Elizabeth sat on the floor, her knees pitched, her back against the wall. Kyle was on her left, and now and then, she rested her head on his shoulder. This was her family. It really was a wonder he’d been alone when he died. How was it that half of them were at the store, and the rest no better than deaf? How, she wondered, had she not heard?

“I should have been out there,” she said.

“Oh, Lizzie, no!”

“What could you have done?”

“Don’t blame yourself!”

The chorus of protest was instinctive and sure—the voices of people who knew the ritual of death, but had not yet mastered the feeling.

A
FTER DINNER
, Toby went upstairs to his room. He no longer felt right in DC, where his mother lived so blissfully with her husband. Toby and Ruth had been extraordinarily close when he was growing up—just the two of them—but she’d changed with the ascendance of Ed. The things Ruth said no longer interested Toby; he felt increasingly that she’d turned out to be a member of another species, predestined to miss the point.

He sat now on a low stool with his guitar in his lap, his shoulders erect and calm. A blank notebook and pen lay within reach on the bed, though he didn’t really need them. This wasn’t practice, but something else, more central to his health. He played gently, his body hardly moving as his gaze shifted from the wall to the windowsill to the tips of his curling fingers.

When something caused Toby pain, he often found himself holding the guitar, passing hours in focused stillness. He thought through the instrument, made decisions in progressions of chords, and when he emerged he knew how he felt, knew what he needed to do. The music he made during these trances was never much good, but then, it wasn’t that kind of music, not meant for an audience to hear.

In time, there came a knock. He turned to see his mother cracking the door.

“I don’t want to interrupt,” she said.

“It’s fine. I was only thinking.”

She moved halfway into the room, hands clasped behind her as though hiding a present. “I love my orchid,” she said at last. “And I’m touched that you thought to buy me a plant.”

“That’s great, Mom. I’m glad you like it,” he said, wishing he could slip back into solitude. Maternal fawning was no substitute for real conversation.

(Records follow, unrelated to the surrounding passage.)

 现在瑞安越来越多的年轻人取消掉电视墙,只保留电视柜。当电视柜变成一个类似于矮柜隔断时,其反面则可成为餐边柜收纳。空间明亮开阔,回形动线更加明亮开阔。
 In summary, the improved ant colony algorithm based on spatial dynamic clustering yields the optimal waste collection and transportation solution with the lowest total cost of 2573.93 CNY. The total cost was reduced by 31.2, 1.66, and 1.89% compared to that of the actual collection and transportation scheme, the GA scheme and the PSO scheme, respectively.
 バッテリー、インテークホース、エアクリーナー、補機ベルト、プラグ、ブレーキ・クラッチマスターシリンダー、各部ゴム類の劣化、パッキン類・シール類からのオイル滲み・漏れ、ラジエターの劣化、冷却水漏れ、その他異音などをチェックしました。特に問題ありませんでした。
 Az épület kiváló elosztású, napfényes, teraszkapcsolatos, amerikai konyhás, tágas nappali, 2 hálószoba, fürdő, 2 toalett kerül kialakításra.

“No, really,” she said. “This is important. I don’t think most men your age are as aware of their mothers’ interests as you.”

He shuddered at the word
men
: a stretch. “Well, it was the best I could find.”

“It’ll be a new challenge for me, caring for it.”

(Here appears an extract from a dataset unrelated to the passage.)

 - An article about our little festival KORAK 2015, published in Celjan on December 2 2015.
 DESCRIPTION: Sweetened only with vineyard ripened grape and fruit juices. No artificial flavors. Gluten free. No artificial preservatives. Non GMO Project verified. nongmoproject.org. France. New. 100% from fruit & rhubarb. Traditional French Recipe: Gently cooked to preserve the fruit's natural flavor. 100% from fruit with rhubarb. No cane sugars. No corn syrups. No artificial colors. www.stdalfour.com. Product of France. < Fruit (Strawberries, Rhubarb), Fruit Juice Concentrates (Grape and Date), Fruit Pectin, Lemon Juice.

He looked at the blank page in his notebook. “I’m sure you’ll succeed.”

She came in further, studying his bookshelf; she wasn’t getting the message. “My mysterious son,” she said to the rows of his high-school paperbacks. “College graduate. What are you up to these days?” At dinner, he’d told her about an exhibit he’d seen at a gallery downtown. He thought that would have been enough.

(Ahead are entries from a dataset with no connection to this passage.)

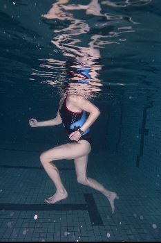 Vi løbetræner og laver øvelser på dybt vand med et aquabælte, som støtter ryg og yder stabilitet i vand.Vandmodstand kræver større muskelkraft, mens tyngdekraft frigøres i vandet, således at dine led kun belastes med 10-25% i forhold til den belastning, de udsættes for på land.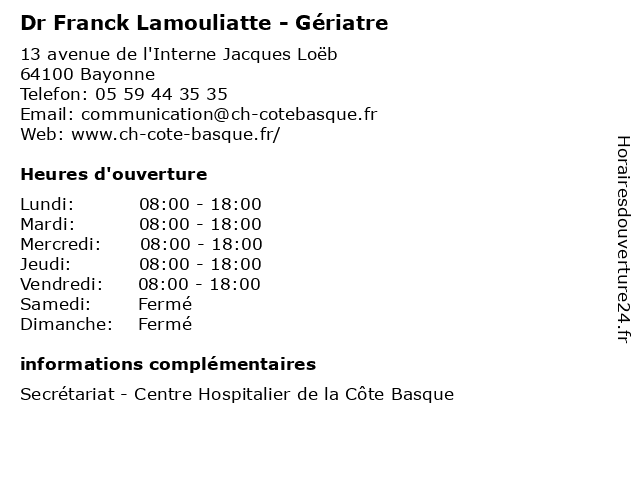 1 Dr Franck Audemar - Gastro-entérologue et hépatologue (Distance: 0,00 km) 13 avenue de l'Interne Jacques Loëb, 64100 Bayonne audemar, consultation, docteur, dr, entérologue, et, franck, gastro, hépatologue, med, médecin, médecine, traitement 2 Dr Franck de Cazanove - Pharmacien hospitalier (Distance: 0,16 km) 13 avenue de l'interne Jacques Loëb, 64109 Bayonne basque, bayonne, cachet, cazanove, centre, côte, de, dr, franck, hospitalier, la, medicament, pharmacie, pharmacien 3 Piochon Franck Patrick Hubert (Distance: 2,62 km) Droit 1Er Etage, 64100 Bayonne agents, directeurs, franck, hubert, immobiliers, patrick, piochon 4 Perie Franck Jean-Claude (Distance: 4,49 km) 16 Chemin De Mendixka, 64200 Bassussarry claude, franck, jean, perie, restaurants 5 Franck Provost (Distance: 4,98 km) 58 Boulevard Jacques Duclos, 40220 Tarnos coiffure, franck, provost, salon 6 Franck Provost (Distance: 5,28 km) 1 Rue des Hirondelles, 64200 Biarritz beaute, coiffure, franck, provost, services |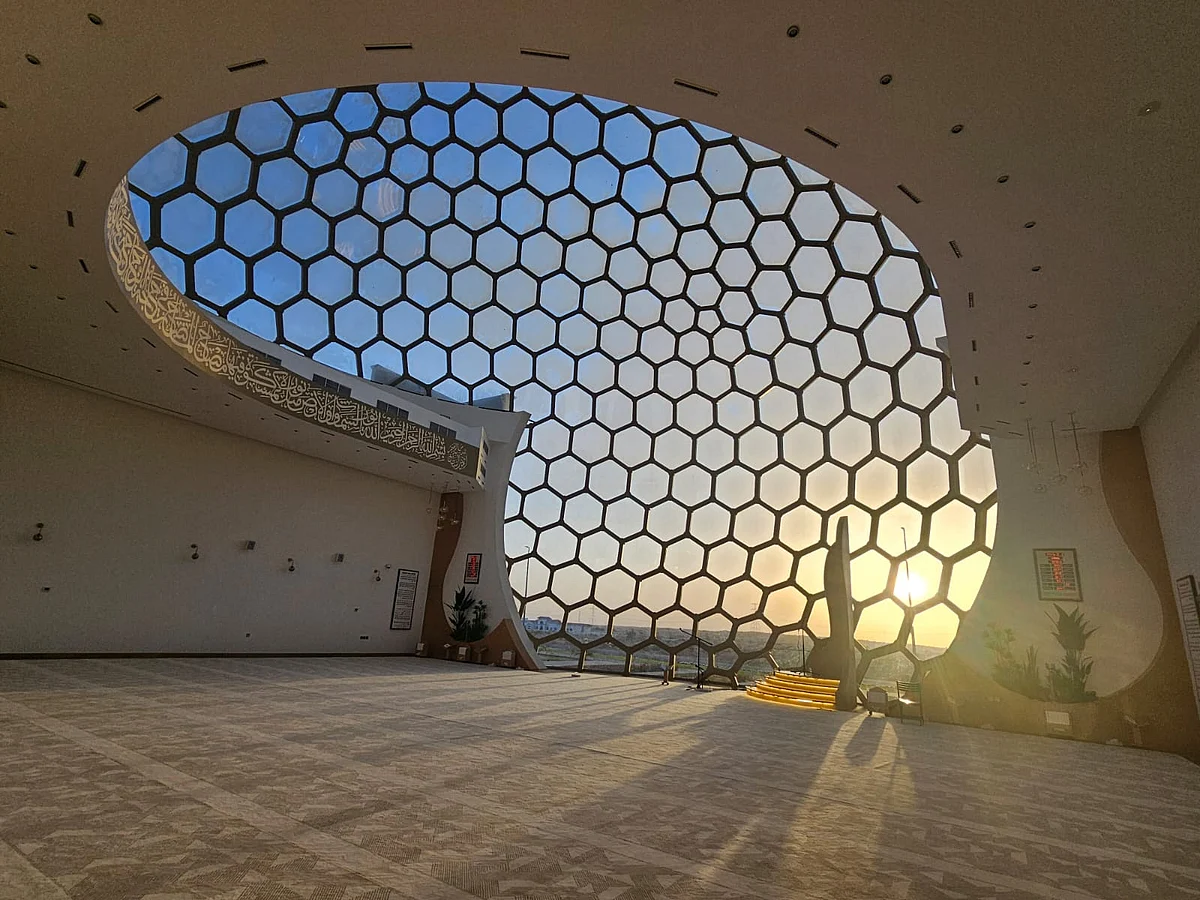 As the sun sets over Al Dhaid, the inside of newly opened Al Nasr Mosque begins to glow. Golden light pours through a giant round glass dome made of small hexagon-shaped glass panels, and the prayer hall fills with warmth and calm sunlight. For a few minutes, it feels as if the mosque is made of light.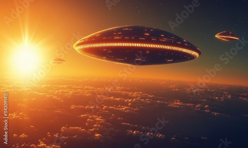 Obraz premium UFOs hovering above clouds at sunset, glowing lights, extraterrestrial...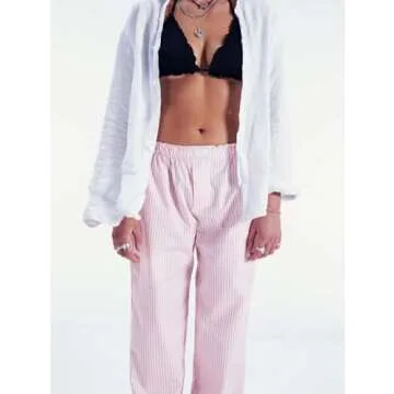 ROAONOCOMO Women Y2K Striped Lounge Pants Pinstriped Wide Leg Pajama Pants Gingham High Waist Relaxed Pants Going Out Pants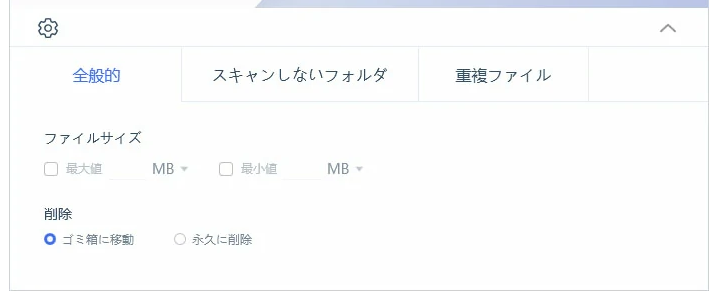 Step4:「全般的、スキャンしないフォルダ、重複ファイル」のタブをそれぞれ開いて、詳細を設定します。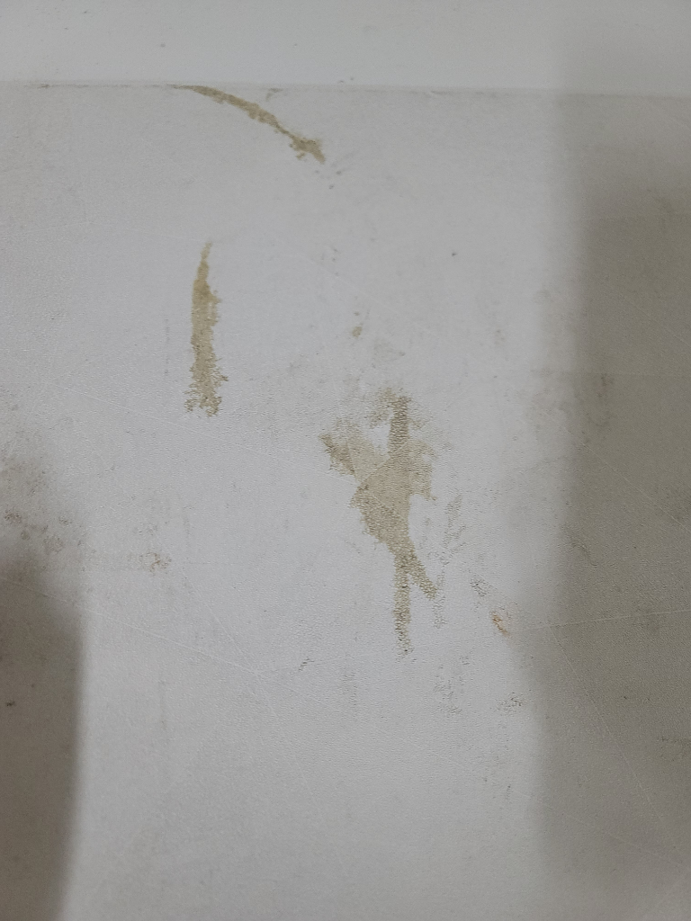 아무리 닦아도 김치냉장고 위에 얼룩이랄까 찌든때가 깨끗해 지지 않습니다

“I’ve been studying some new jazz recordings. Maybe I’ll tell you about them tomorrow.”

“You haven’t mentioned anything about your girl.” Now that she’d found Ed, it was clear she wanted him to find someone, too. Before, she’d probably have been content to stay a widow forever, as long as Toby was around.

“She isn’t mine,” he said, thinking of Ramona with the short blunt hair, the most recent in his string of casual heartbreaks. He wasn’t actually sure which girl his mother meant, but it didn’t matter; nobody was his. He stood and set his guitar on the bed. “I’m meeting up with John tonight. I don’t want to be late.”

Her smile vanished and she bobbed her head, suddenly embarrassed. “We have all week.” She backed into the hallway to let him pass, forcing a tiny laugh. “I only hope I won’t have killed the orchid by then!”

“No,” Toby said, “don’t.”

He wasn’t actually meeting up with John, a friend from high school whom he hadn’t seen in years, but he’d had to give some reason to leave the house. He backed his mother’s teal Subaru out of the driveway, and at the strip of luxury stores turned left, away from downtown.

Driving provided another kind of trance. He held the wheel and turned this way, that way, letting the suburbs surprise him. Even the suburbs were sometimes capable of this. In the late evening light, he cruised down the avenue, admiring trees and stone houses, turning onto a side street now and then for a closer look at a painted door or a line of gingerbread trim. Before long, he’d wound his way to Bethesda, an affluent hub that had expanded even since he’d last been home. He parked in a garage and strolled along a sidewalk freshly poured that spring, according to a date someone had scrawled when it was wet. Two teenagers approached with their arms flopping around each other’s waist. He crossed the street to avoid them and found himself in front of a multi-level bookstore. Inside, he browsed the tables until he came to one showcasing paperback fiction, finally deciding on a Western-themed novel that had been a finalist for a significant prize.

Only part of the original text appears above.